На основании доступных источников, которые вполне могут ввести и в заблуждение, можно сделать вывод, что деятельность меньшевиков в Петрограде по привлечению на свою сторону работниц была незначительной. Всерьез их пресса затрагивала лишь экономические проблемы, избегая говорить о трудных организационных вопросах, а их экономическая программа, касавшаяся женщин, была идентична большевистской. Свою роль сыграло также и отсутствие единства, поскольку некоторые меньшевички очевидно согласились работать с феминистками, а другие отказались. Пропаганда меньшевиков и эсеров среди работниц превзошла агитационную работу большевиков только во время реакции, наступившей после июльских событий. На фабрике «Новый Прометей» антибольшевистские настроения были настолько сильны, что большевистских агитаторов там попросту закидали всем, что попалось под руку. Объединенная группа меньшевиков, имевшая своего рода женский отдел, возглавляемый Евой Бройдо, первой призвала к созыву конференции петроградских работниц в октябре 1917 г. Эта конференция приняла резолюцию о создании специальных комиссий по агитации и организации женщин, однако впоследствии эти намерения не были подкреплены соответствующими действиями[627].

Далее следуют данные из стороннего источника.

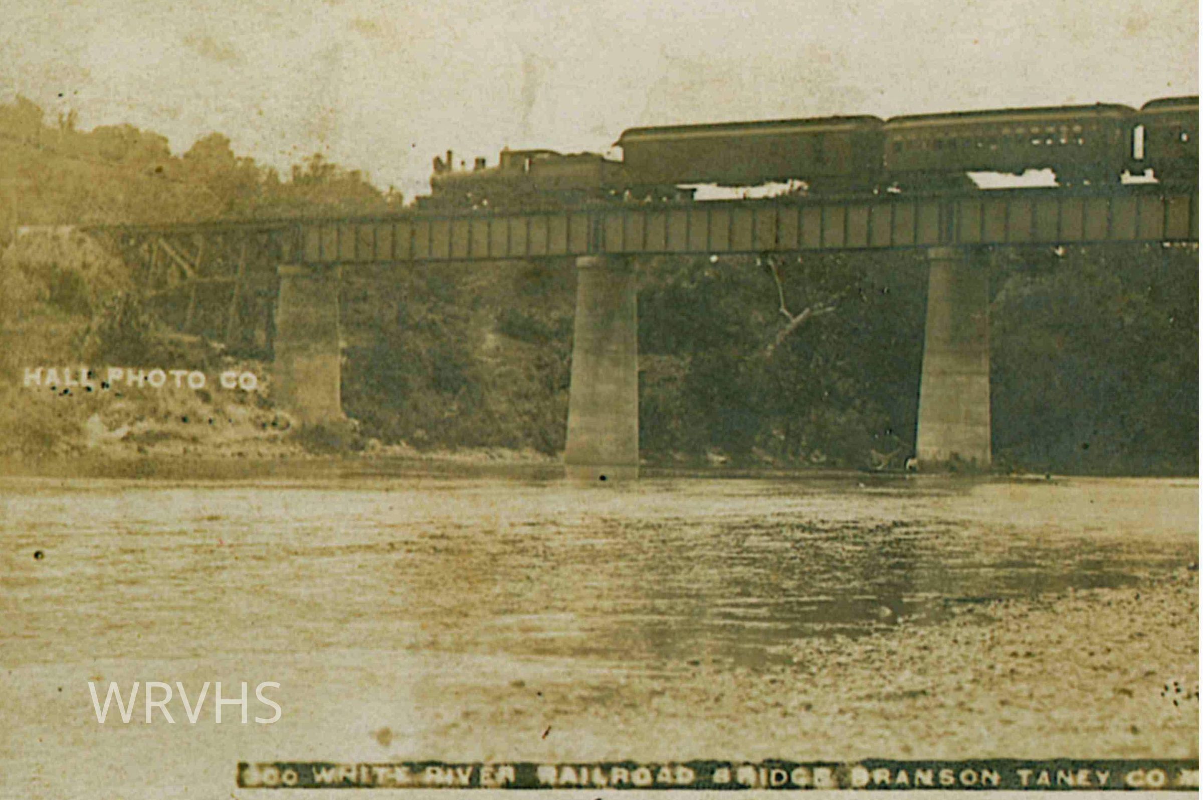 Black and white photo of a train on the Missouri Pacific Railway bridge over White River near Hollister, Missouri.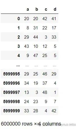 import numpy as np import pandas as pd df = pd.DataFrame(np.random.randint(0, 50, size=(6000000, 4)), columns=('a','b','c','d')) df.shape # (6000000, 5) df.head()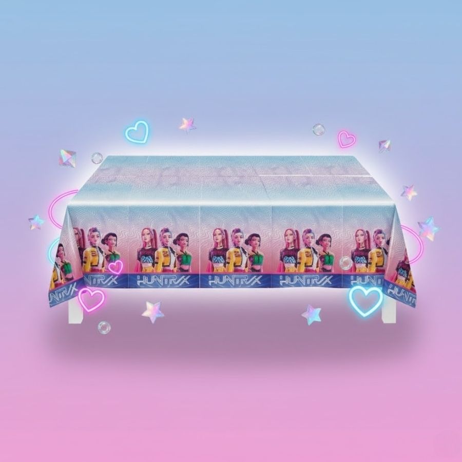 Toalha plástica temática Guerreiras do K-pop, perfeita para decorar mesas e criar um visual vibrante e moderno na festa.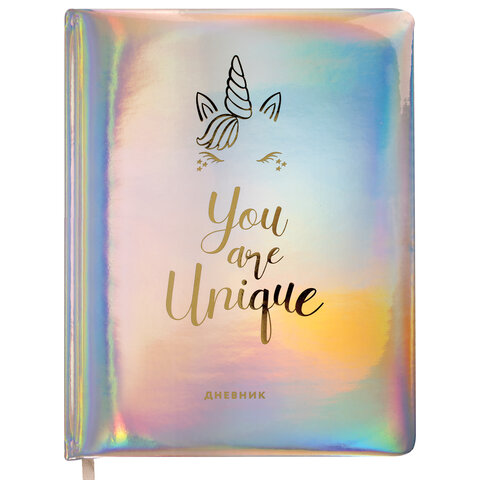 Дневник 1-11 класс 48 л., кожзам (твердая с поролоном), фольга, BRAUBERG HOLIDAY, "Unicorn", 106204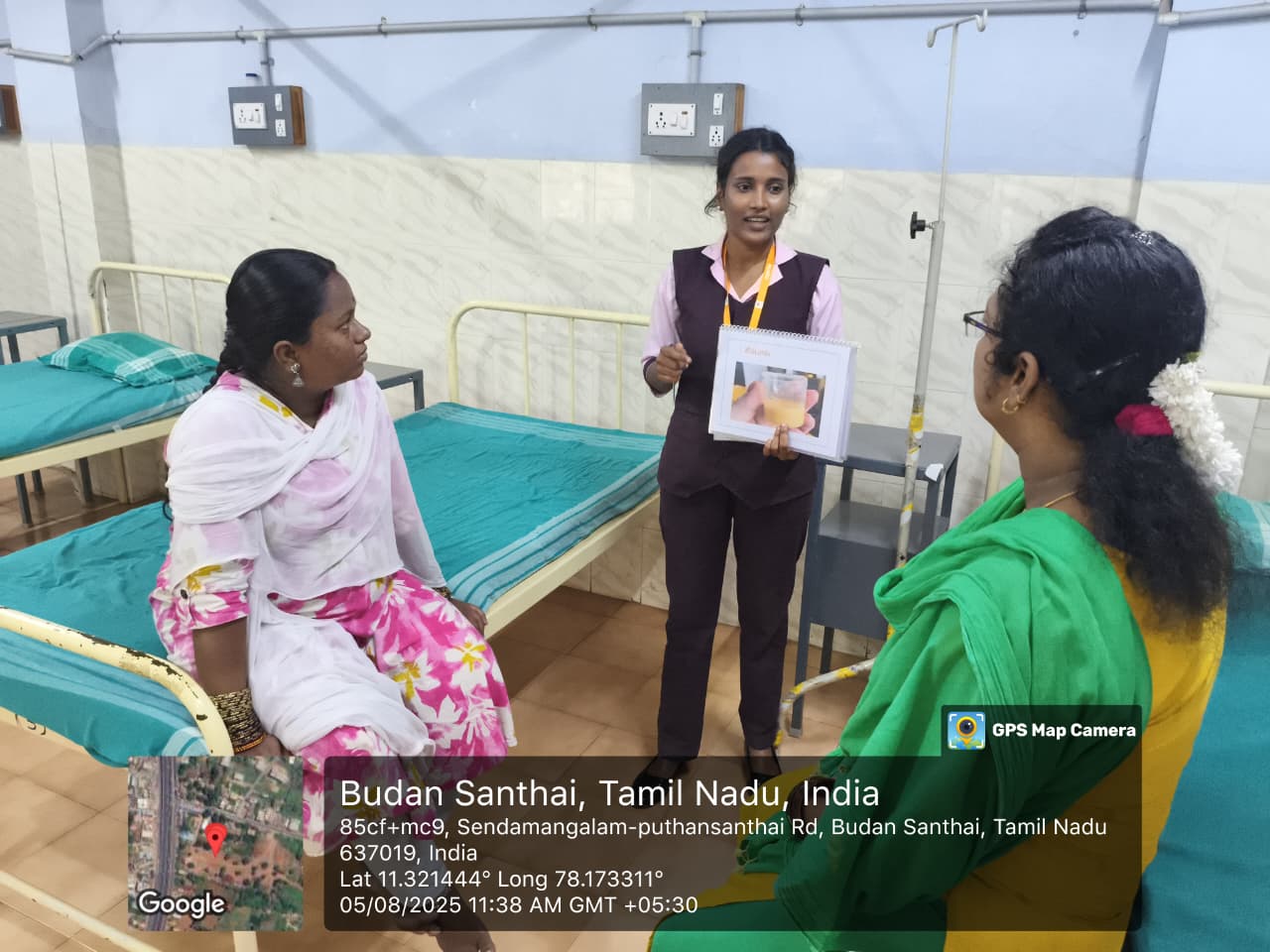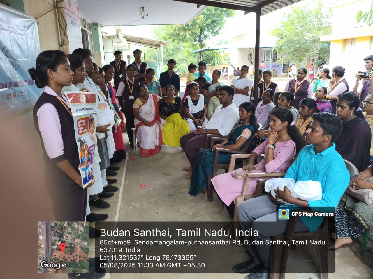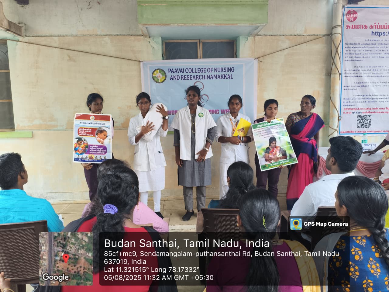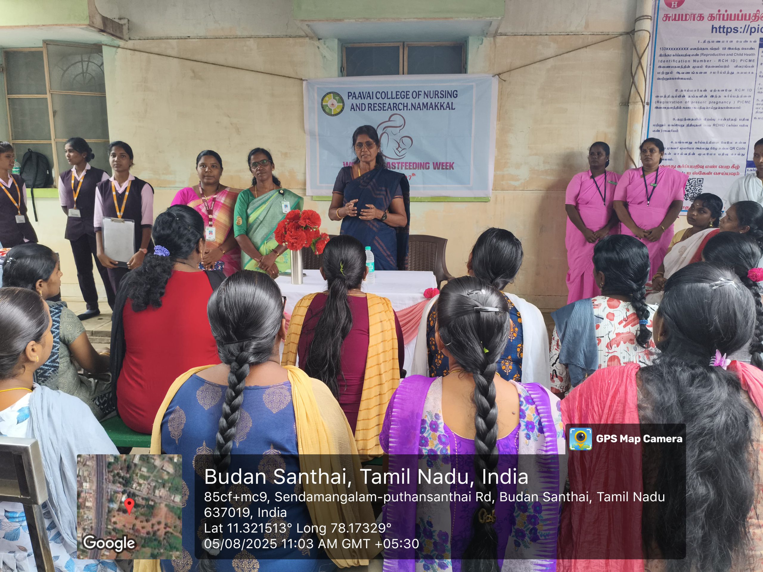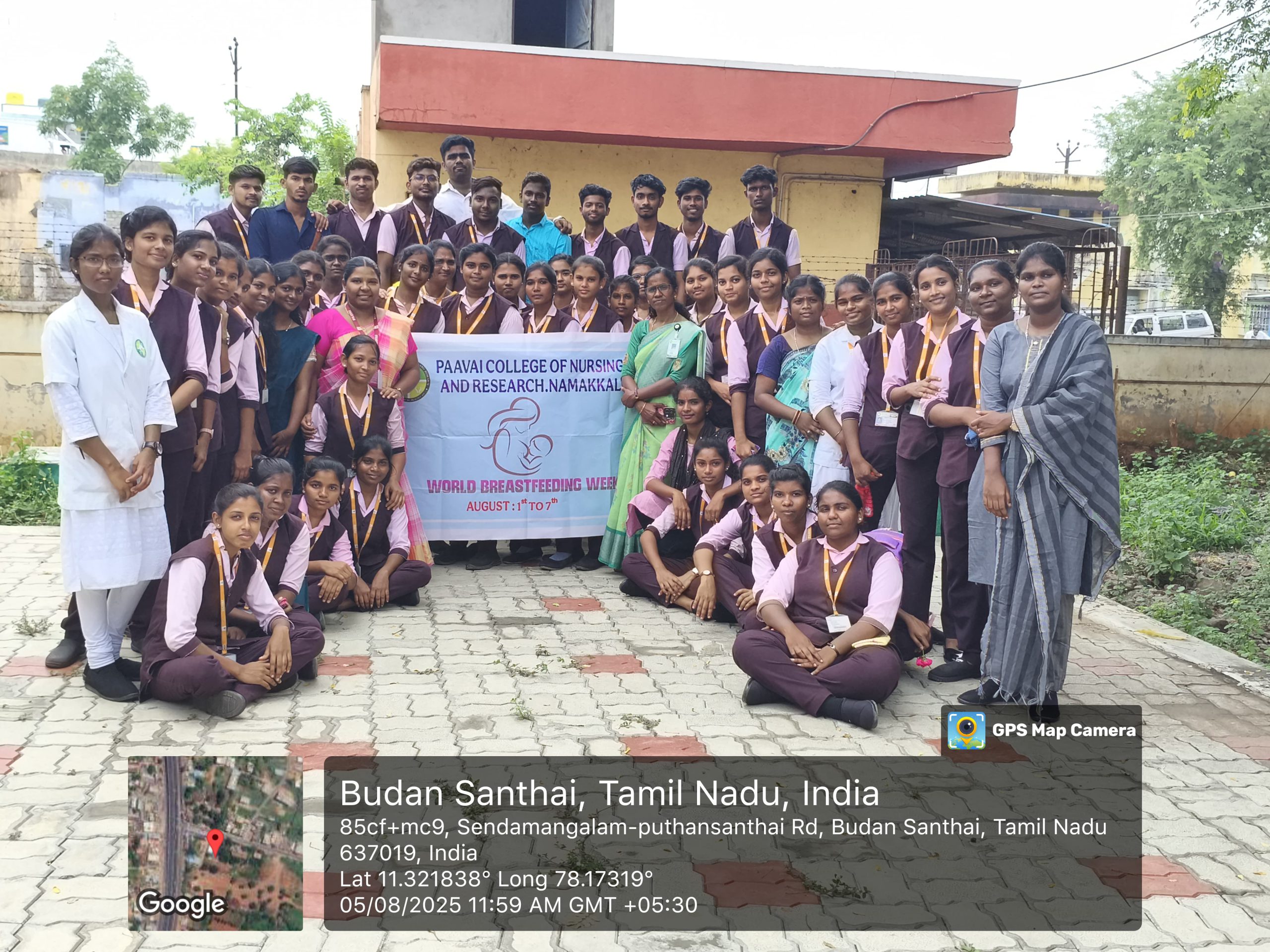 Paavai College of Nursing and Research, Namakkal, organized various health awareness activities as part of World Breastfeeding Week from 01.08.2025 to 07.08.2025. The programs included health education sessions, a nutritional exhibition, poster presentations, role plays, and the distribution of informative leaflets at different hospitals and community areas.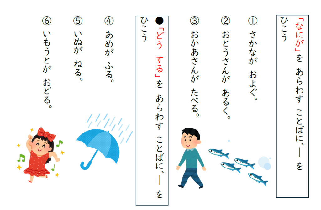 主語と述語は、文の骨組みとなり、お互いに結びついて意味をなします。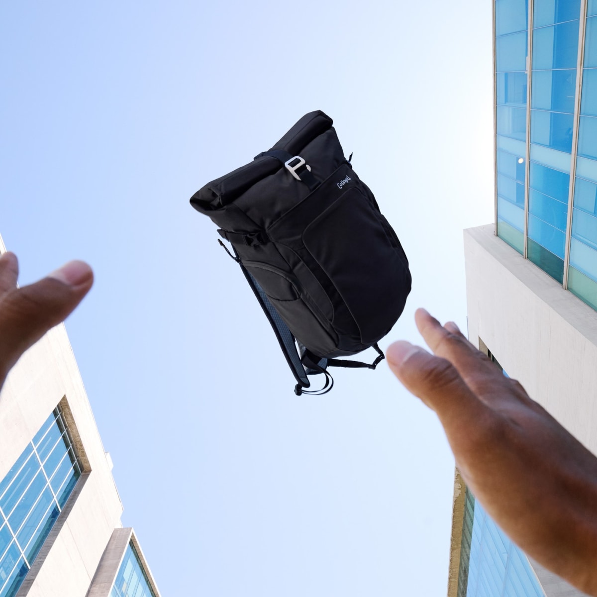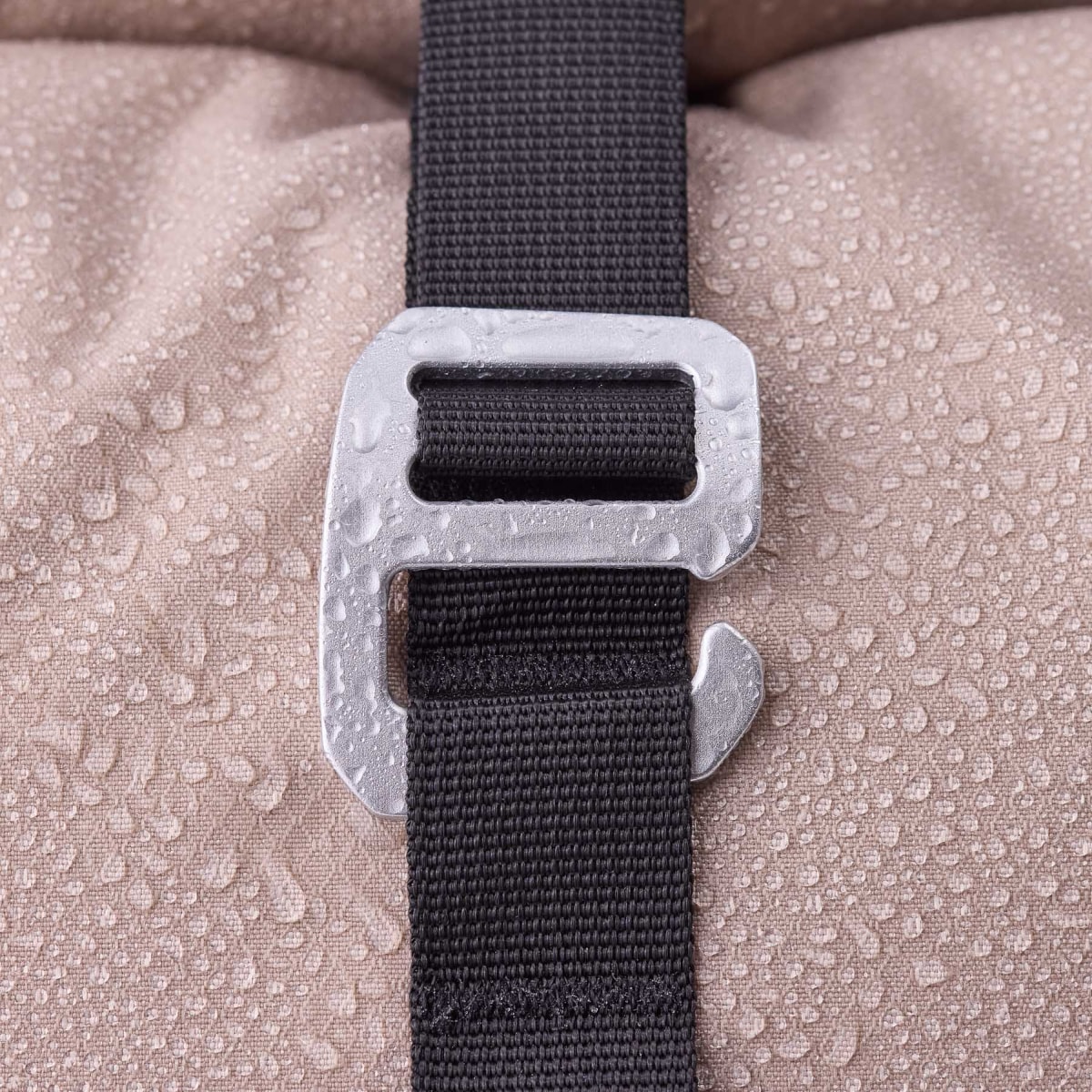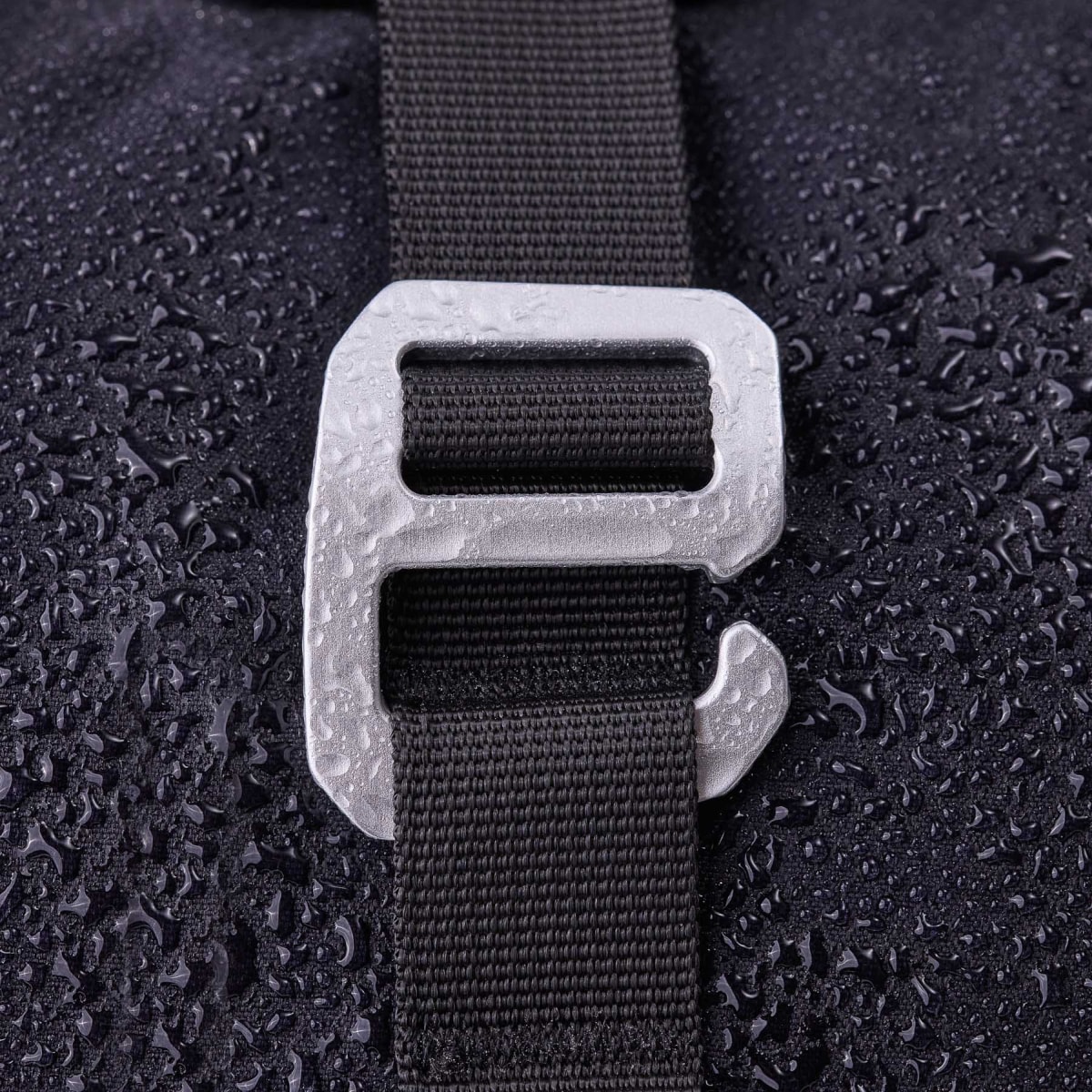 • Roll-top closure is simply fixed to the front of the backpack via a hook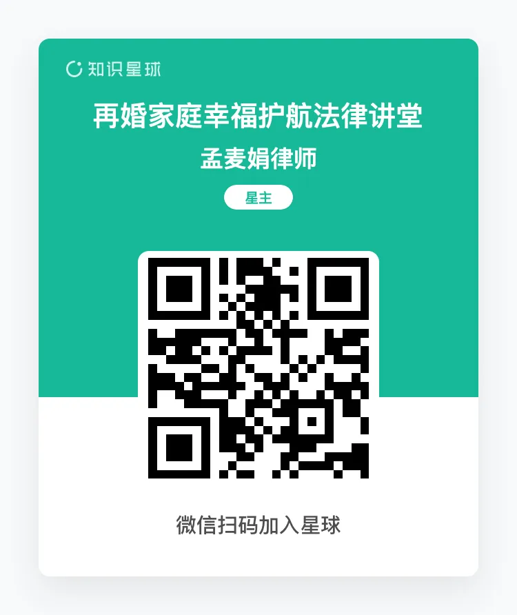 再婚不是第二次初婚,其挑战具有叠加性。为此,孟律师建了知识星球‘再婚家庭幸福护航法律讲堂’,核心解决再婚群体‘怕踩坑,想安心’的需求,欢迎大家加入。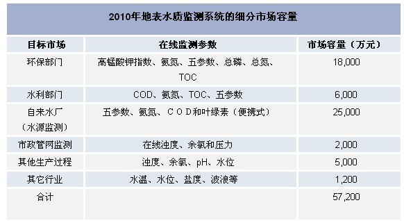 下表是2010年地表水質監測系統的細分市場容量: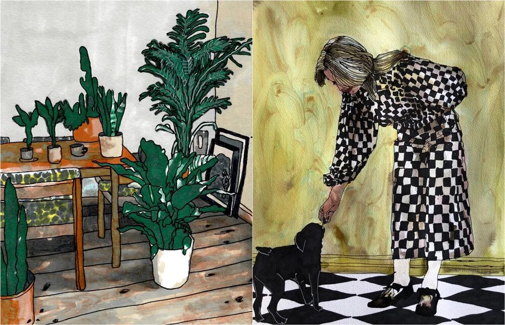Γεια σας! Είμαι καλλιτέχνιδα/εικονογράφος και ζω στο Λίνκολν του Λινκονσάϊρ της Αγγλίας. Μου αρέσει να σχεδιάζω και να ζωγραφίζω ό,τι με εμπνέει οπτικά. Ένα μεγάλο μέρος της πιο προόσφατης δουλειάς μου επικεντρώνεται στην αναπαράσταση δωματίων σε σπίτια ανθρώπων και σε γυναικεία πορτρέτα. Η δουλειά μου περιλαμβάνει πολλές λεπτομέρειες και συνδυάζει μόδα, ζώα, φαγητό και εσωτερικούς χώρους.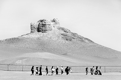 8月6日,游客在甘肅省敦煌市陽關(guān)景區(qū)游覽。新華社發(fā)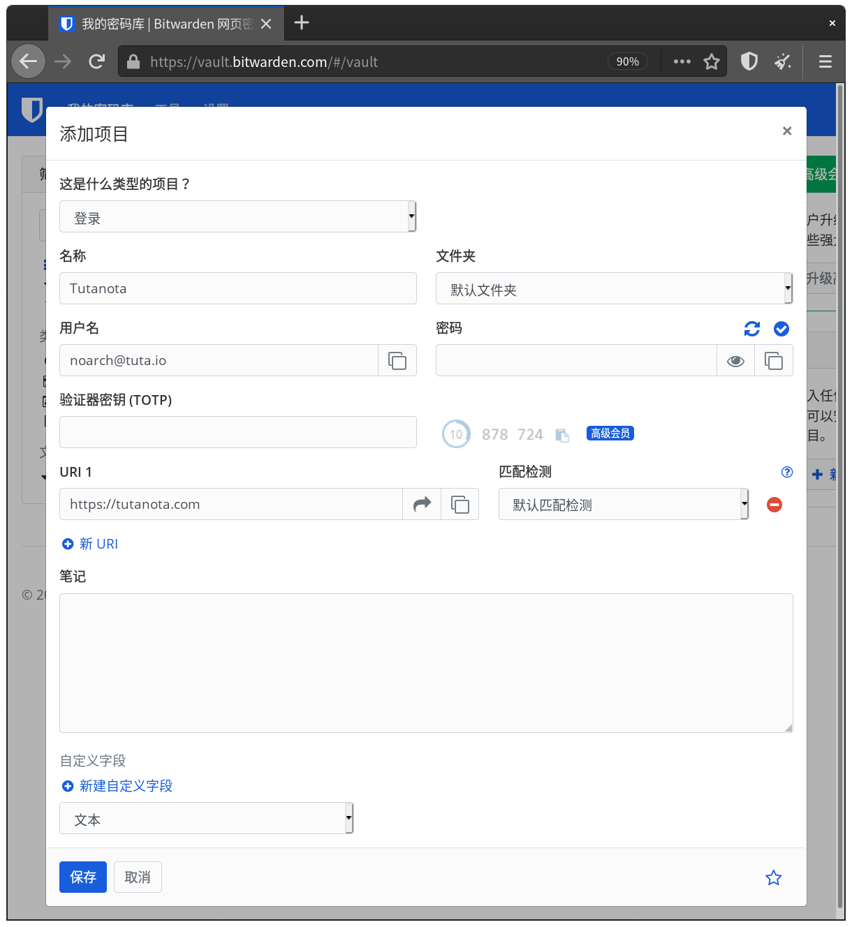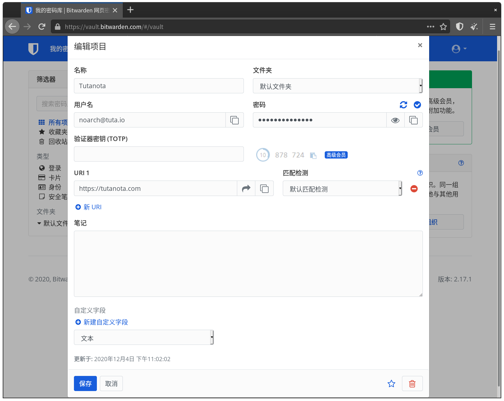 - 用于自动填写。这个会在你使用 Bitwarden 浏览器插件或手机应用时有用。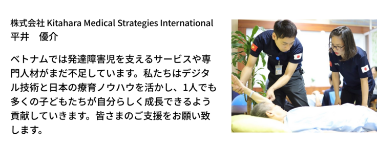 北原グループ(医療法人社団KNI、株式会社KMSI)は、医療を「人が良く生き、より良く最期のときを迎えるまでをプロデュースする総合生活産業」と捉え、ITを含む最先端技術や教育、農業、物流など多分野を結集し、国内外で医療・ヘルスケア事業を展開しています。ベトナムでは2018年より活動を開始し、本プロジェクトでは療育支援ツールの開発・導入を現地窓口として調整し、ベトナムの文化や生活習慣に即した持続的サービスに貢献します。

Иллюстрацией к способностям большевиков устанавливать связи с городскими массами путем увязывания политических лозунгов с экономическими является развернутая большевичками кампания в интересах двух наиболее отсталых, заброшенных и даже презираемых элементов женского населения: прачек и солдаток. В Петрограде тысячи прачек работали за тридцать копеек до изнеможения по 13–14 часов в день в насыщенных паром подвальных прачечных, которые носили такие динамичные названия, как «Рекорд», «Прогресс» и «Ниагара». Безнадежная тяжесть их работы была точно схвачена Архиповым в его знаменитой картине «Прачки». В 1913 г. большевики попытались организовать их, но когда делегация прачек попросила у полиции разрешения создать библиотеку, то вместе с отказом услышала иронический вопрос: «И какую же литературу собираетесь вы читать над своими лоханями?». После Февральской революции прачки стали более организованными и направили Временному правительству свои требования об улучшении условий работы и создании на базе всего города общественных прачечных. Когда их требования были отвергнуты как несвоевременные, прачки начали забастовку. Коллонтай склонила Ленина на сторону прачек, и большевики оказали им всестороннюю помощь. В ответ забастовщицы добавили лозунги большевиков в отношении войны и Советов к своим экономическим требованиям. В конечном итоге собственники прачечных были вынуждены пойти на уступки и удовлетворить основные требования бастовавших[628].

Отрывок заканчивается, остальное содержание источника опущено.